Добавить в цитаты Настройки чтения

Страница 77 из 110

"И чем займешься?" "Чем придется. Немножко собой, немножко вами". "Ага, я насчет этого как раз хотел сказать. Ну ходишь. Дело не в двусмысленности, то есть не в той, которую так называют. Мои выгоды налицо. Присмотр, уход, человеческое присутствие. А твои? Самоотверженность, и я как точка приложения? Вот что двусмысленно". "Я тоже против двусмысленности, и тоже против другой. Вы это говорите не вместо чего-то, чего не хотите сказать? Не потому, что я вам мешаю? Если так, могу перестать. Хотя было бы обидно. Мне с вами - какие у вас любимые слова? - свободно... спокойно... интересно. На занудстве вас не поймала: бывали на грани, но останавливались. Что вы старик... Вы же не уличный старик.
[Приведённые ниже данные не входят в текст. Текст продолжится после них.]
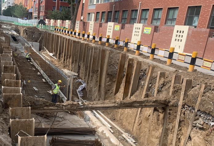 施工中,面對無法開展大面積施工,且施工路段無放坡條件等難題,項目部迅速行動、倒排工期,將工期分解到周、計劃到天,各項安排落到實處,明確全員崗位職責(zé),組織機械和人工齊上陣,同時展開多個作業(yè)面,加速推進工程進展。在黑土巷中橫馬路郝家溝路段施工中,項目部采用打設(shè)鋼板樁支護措施,有效保障周邊建筑物安全,且該路段施工場地緊鄰學(xué)校,為不影響師生九月初正常通行,項目部安排施工人員加班加點對周邊拆遷產(chǎn)生的大量建筑垃圾和渣土進行清運,并集中力量加快推進該路段的施工進度,組織人員晝夜輪替兩班倒,確保趕在正式開學(xué)前完成施工任務(wù)。
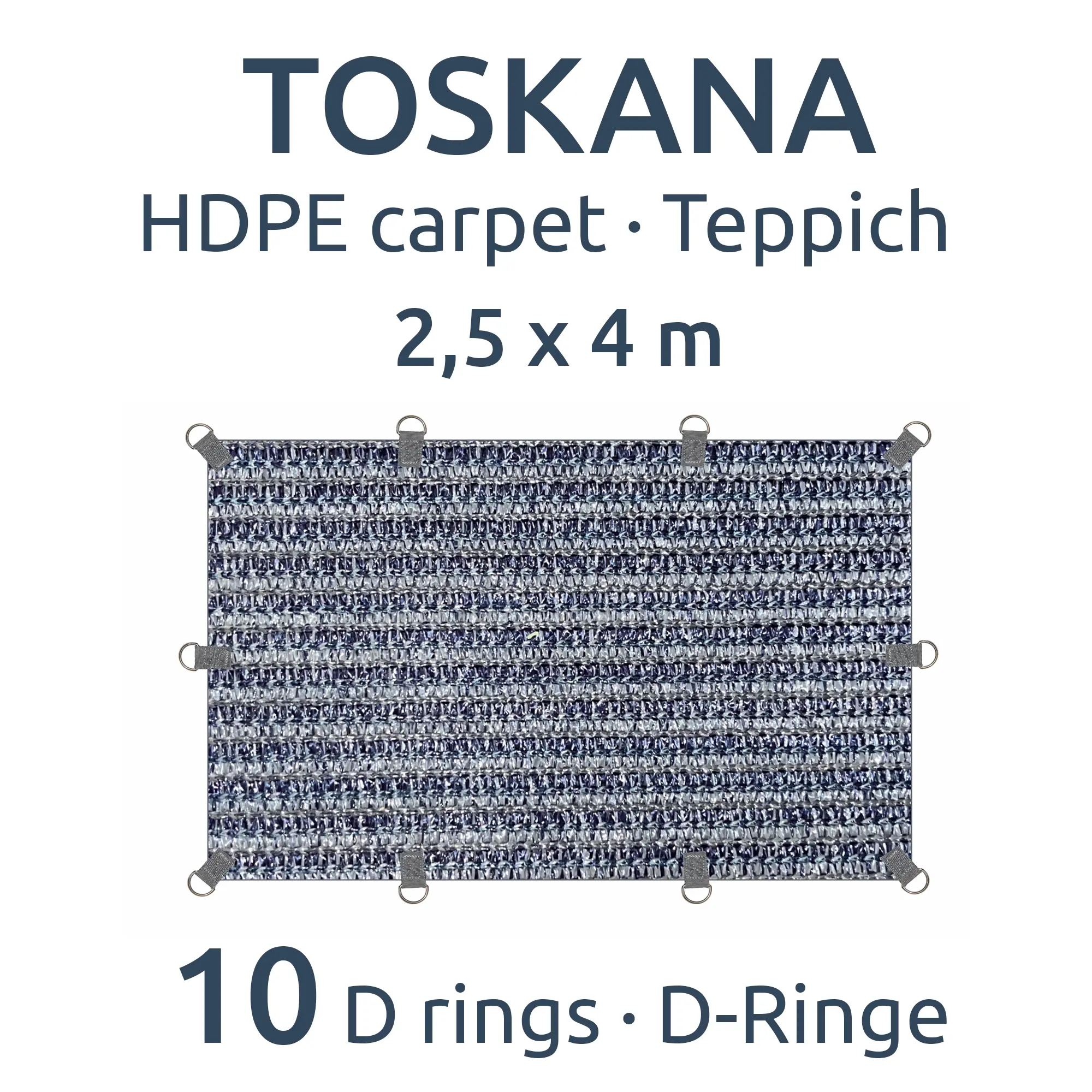 - D-Ringe statt Ösen - Einschlagösen reißen schnell aus und beschädigen den Teppich. Beim Toskana Teppich wurden daher stabile D-Ringe mit einer Verstärkung an jeder Ecke und entlang der Kanten eingenäht, die nicht ausreißen können
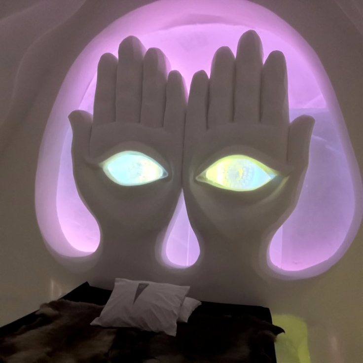 La visite de l’hôtel de glace nouvellement construit a eu lieu ensuite, et c’était magnifique. Plein d’ambiances, des références à la nature avec des animaux ou des végétaux, ou des choses plus abstraites, ou encore des personnages imaginaires issus de la mythologie comme des sirènes. Il y avait même un petit toboggan que nous nous sommes fait un plaisir de descendre.

Вы "дядя Коля". Каким дядя Коля должен быть, такой вы и есть. Мне единственно отчего неуютно, что не знаю, как к вам обращаться. Не дядя же, правда, Коля?" "А Николай Сергеич?" - предложил Каблуков: так сказать, по делу.

"Короче, Николай Сергеич, я не к старику езжу. Вы старый, я молодая, но это как вы китаец, а я финка. Вы "вы", я "ты". Нельзя финке с китайцем? Вам с тобой?" "Разные интересы, разве не так?" "Опять: вы про разные интересы, или что у вас ко мне нет интереса?" "Почему? Ты новый человек. Достаточно новый, достаточно свой. В этом смысле интересный. Ты же видишь". "А вообще?" "А вообще - не неинтересный. Во всяком случае, не скучный - если ты это имеешь в виду". "И благодарю". "Но есть же нерв возраста. А именно, и конкретно, и единственно значимо - молодости. То, что знают все, кому восемнадцать, и не знают, кому двадцать один. Знают в двадцать три и не знают в двадцать восемь. Как говорит твое племя - прикольность. Мне твои приколы до фени, а ты даже не понимаешь, что такое "до фени" значит". ""Феня" значит "фенамин"". "Вот-вот. В двадцать надо дышать мускусом, который выделяют двадцатилетние. Блажен, кто смолоду, и так далее. Пропустишь - всю жизнь придется принимать гормоны". "Мускусом, который выделяет двадцатилетний программист с блеском компьютерного экрана в глазах?.. А "феня" все-таки именно "фенамин". Психостимулятор. Моторика. Наглотаться и плясать. Вот до этого - всем на свете всё на свете".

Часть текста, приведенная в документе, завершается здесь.